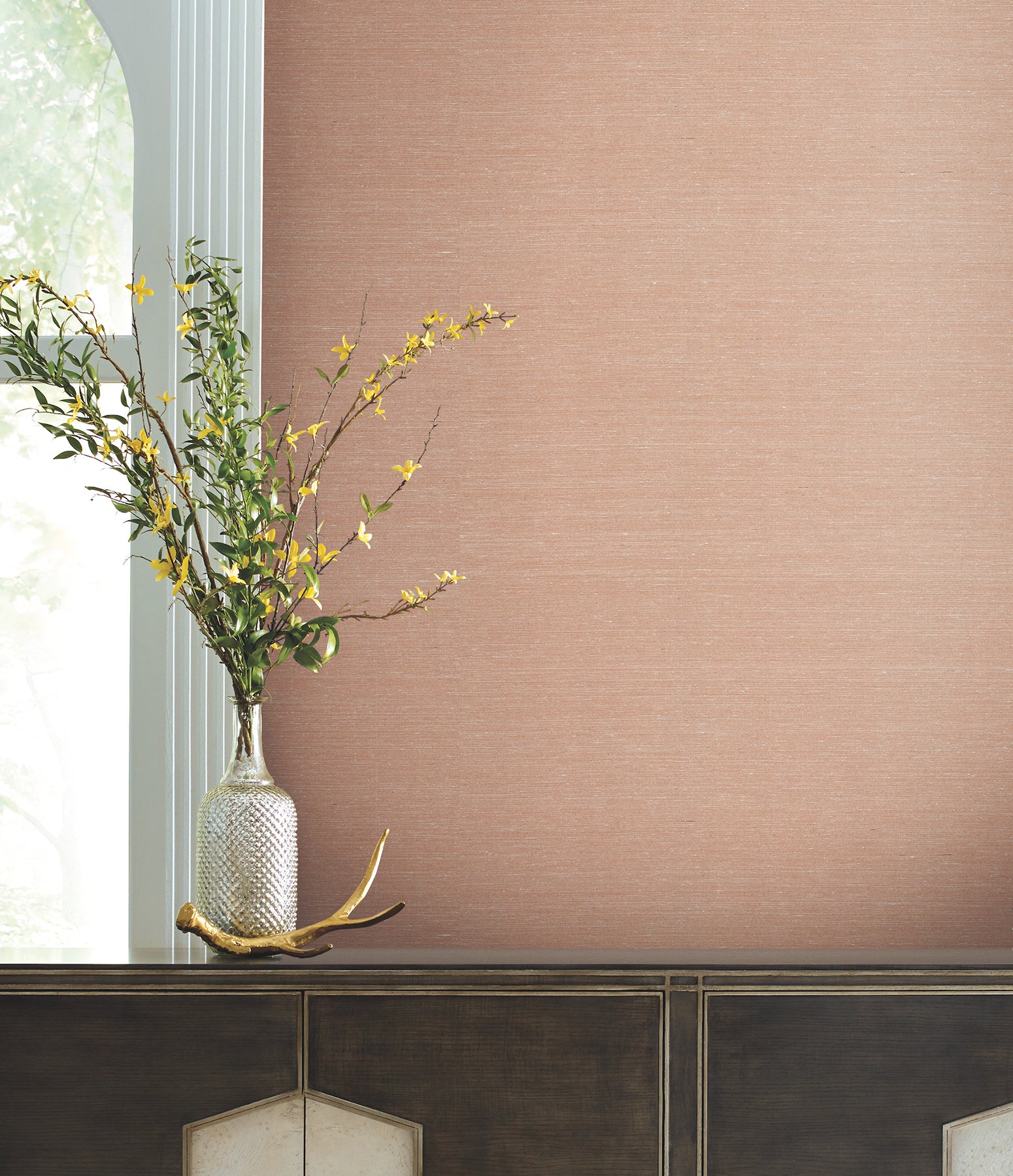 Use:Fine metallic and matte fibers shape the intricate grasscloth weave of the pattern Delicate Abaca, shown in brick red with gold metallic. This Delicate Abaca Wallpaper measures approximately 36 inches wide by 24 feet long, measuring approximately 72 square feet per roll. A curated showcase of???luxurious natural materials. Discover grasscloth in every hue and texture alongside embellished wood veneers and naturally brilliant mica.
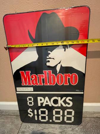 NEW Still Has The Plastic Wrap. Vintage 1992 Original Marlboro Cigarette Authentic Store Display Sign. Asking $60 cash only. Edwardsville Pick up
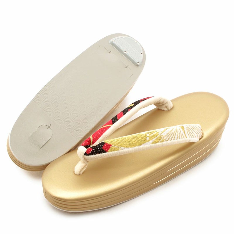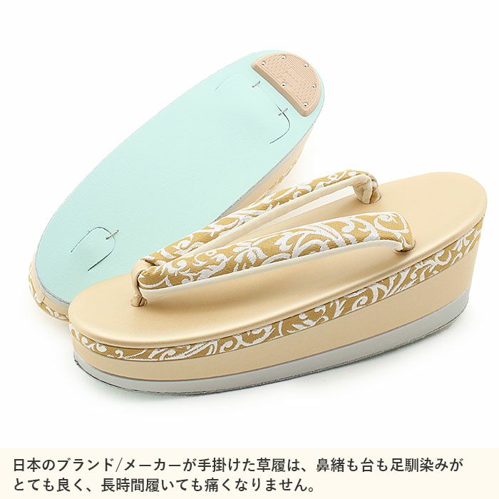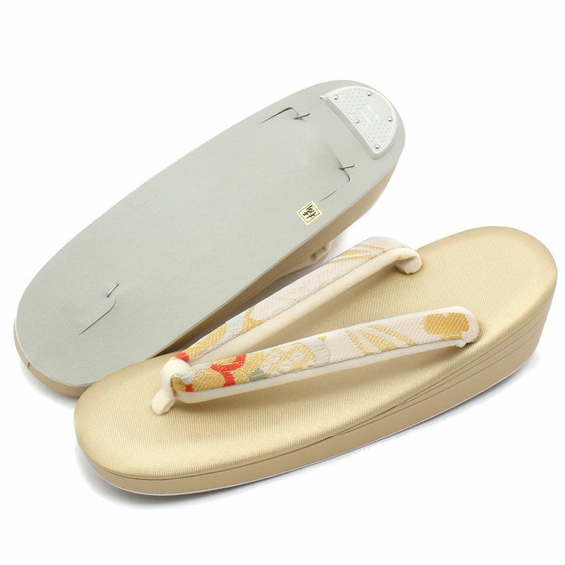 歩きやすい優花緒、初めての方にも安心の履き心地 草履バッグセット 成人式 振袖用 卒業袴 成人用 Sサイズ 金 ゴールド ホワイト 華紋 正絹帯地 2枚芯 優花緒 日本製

■ ■ ■

PROBLEM TO WORK ON: An exact transcription of the listing is required, and it must contain no pictures.

REPLY TO THE TASK:
 Use:Fine metallic and matte fibers shape the intricate grasscloth weave of the pattern Delicate Abaca, shown in brick red with gold metallic. This Delicate Abaca Wallpaper measures approximately 36 inches wide by 24 feet long, measuring approximately 72 square feet per roll. A curated showcase of???luxurious natural materials. Discover grasscloth in every hue and texture alongside embellished wood veneers and naturally brilliant mica.
 NEW Still Has The Plastic Wrap. Vintage 1992 Original Marlboro Cigarette Authentic Store Display Sign. Asking $60 cash only. Edwardsville Pick up
 歩きやすい優花緒、初めての方にも安心の履き心地 草履バッグセット 成人式 振袖用 卒業袴 成人用 Sサイズ 金 ゴールド ホワイト 華紋 正絹帯地 2枚芯 優花緒 日本製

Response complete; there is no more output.